Outer Worlds Won't Have Romances, Plus Other Things We Learned About Obsidian's Big New RPG

Outer Worlds Won't Have Romances, Plus Other Things We Learned About Obsidian's Big New RPG

No love in space.

Obsidian pulled the curtain from The Outer Worlds, a new first-person RPG designed by Tim Cain and Leonard Boyarsky. If you're unfamiliar, those two designed the original Fallout and Fallout 2 games back when they were both isometric RPGs. They're back with a new sci-fi RPG that seems to be everything that Fallout 76 isn't.

Dialogue trees, companion NPCs, and a delirious world that mixes outer space with the crippling universal constant of mega corporations. The Outer Worlds is very much a spiritual successor to Obsidian's Fallout: New Vegas as the trailer will be quick to point out.
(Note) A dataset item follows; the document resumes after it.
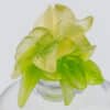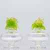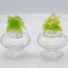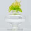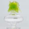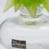 The bottle – made out of art glass – is made from a clear glass, with a green colored glass flower on top. Beautiful artwork.
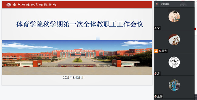 暑期各项工作不放松。最后,金梅副院长就暑期各项工作进行了总结,包括本科教学工作合格评估自评报告的撰写、学院“十四五”发展规划的撰写、田径场、足球场等场地改造、迎评支撑材料的准备、专任教师招聘、本科新设专业评估专题培训等,并传达了学校疫情防控会议精神。张启昕书记就暑期实践的开展情况与实践成果进行了总结。

Previews for what looks like guided gameplay portions of The Outer World were published overnight after The Game Awards and we picked out a few interesting details that caught our eye.

No romances

Cain and Boyarsky told Polygon that Romances will not be in The Outer Worlds. "Other people have explored the romance angle in different ways," Boyarsky said. "We felt like sometimes it kind of waters down your roleplaying for your character because it turns into this mini game of how do I seduce this companion or that companion. So it was just one of the things we felt wasn't really what we wanted to focus our time on."

Instead, Obsidian is working on a robust companion system that gives them personality, skills, and also a bit of their own agency. If a companion doesn't like what you're doing they'll kick up some dust and go back to the ship, though you can always try to convince them to tag along with you anyways (presumably if you have the right skills and stats).

You can reject storylines early on

Obsidian prides itself on player freedom letting players create a character they want. In the Outer Worlds that development happens early on when the player gets saved from an extended cryosleep by a scientist. This scientist needs your help to save the other space colonists oppressed by the various mega corps, but you can choose to betray him and turn him into the same companies from the get go.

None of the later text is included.